• **What the task requires**
A letter-for-letter copy of the listing is required, with no pictures in it.

• **Extracted information**
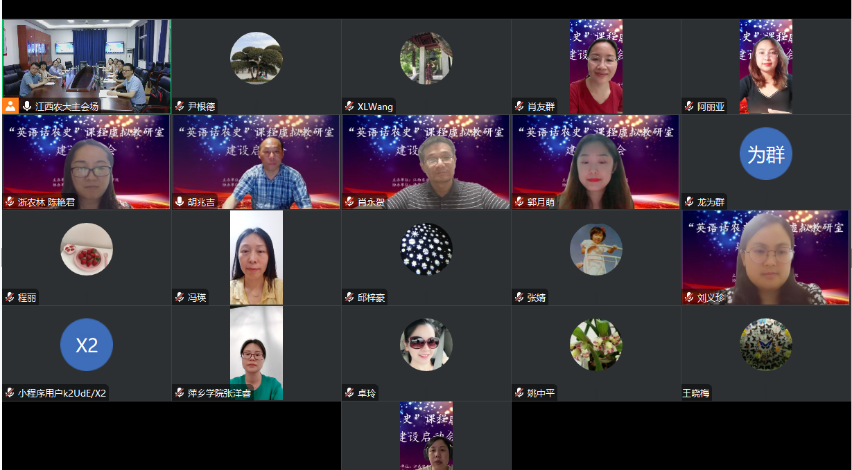 近日,为贯彻落实教育部《关于开展虚拟教研室试点建设工作的通知》和《关于加快推进虚拟教研室试点建设工作的通知》等文件精神,ac米兰官网中文网站外国语学院发起的“英语话农史”课程虚拟教研室建设启动会在学院202室顺利召开,共有来自省内7所涉农院校、省外4所农业院校20余名外语专家和老师参加。会议以线上线下混合的方式进行,并得到了清华大学学堂在线平台的技术支持。
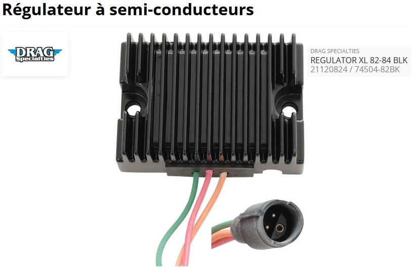 ref:2112-0824 REGULATEUR NOIR POUR Sportster XL de 1982 à 1984 TYPE OEM 74504-82 PAR DRAG SPECIALTIES
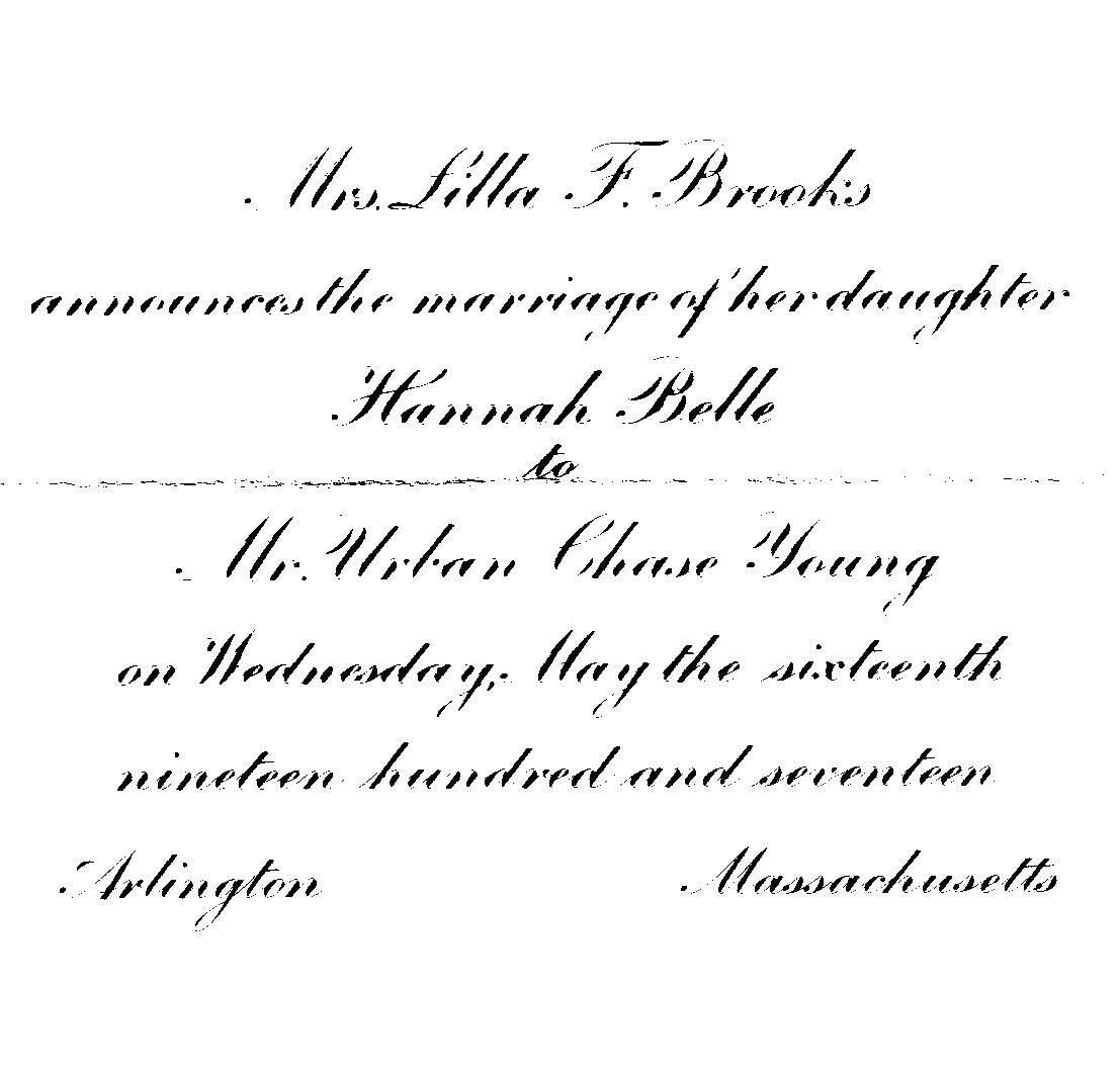 Wedding announcement for Hannah Belle Brooks and Urban Chase Young.Relationships
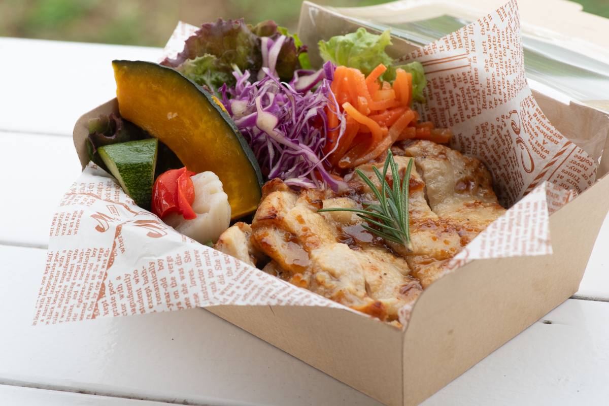 数量限定の「グリルチキンボックス」1500円は、ガーリックソースがかかった大きなグリルチキンをメインに、彩り豊かな野菜のおかずがたっぷり。ボリューム満点でおなかも心も満たされそうです。
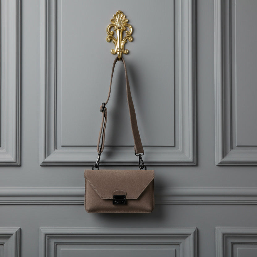 JOHNATHAN , SUEDE CROSSBODY BAG , DARK TAUPE
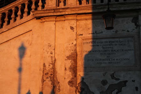 Rome, Italy: The Capitoline Hill, Latin: Collis Capitolinus, Italian: Campidoglio, in the sunrise. Capitolium square, Italian: Piazza del Campidoglio

• **Reply to the exercise**
 近日,为贯彻落实教育部《关于开展虚拟教研室试点建设工作的通知》和《关于加快推进虚拟教研室试点建设工作的通知》等文件精神,ac米兰官网中文网站外国语学院发起的“英语话农史”课程虚拟教研室建设启动会在学院202室顺利召开,共有来自省内7所涉农院校、省外4所农业院校20余名外语专家和老师参加。会议以线上线下混合的方式进行,并得到了清华大学学堂在线平台的技术支持。
 ref:2112-0824 REGULATEUR NOIR POUR Sportster XL de 1982 à 1984 TYPE OEM 74504-82 PAR DRAG SPECIALTIES
 Wedding announcement for Hannah Belle Brooks and Urban Chase Young.Relationships
 数量限定の「グリルチキンボックス」1500円は、ガーリックソースがかかった大きなグリルチキンをメインに、彩り豊かな野菜のおかずがたっぷり。ボリューム満点でおなかも心も満たされそうです。
 JOHNATHAN , SUEDE CROSSBODY BAG , DARK TAUPE
 Rome, Italy: The Capitoline Hill, Latin: Collis Capitolinus, Italian: Campidoglio, in the sunrise. Capitolium square, Italian: Piazza del Campidoglio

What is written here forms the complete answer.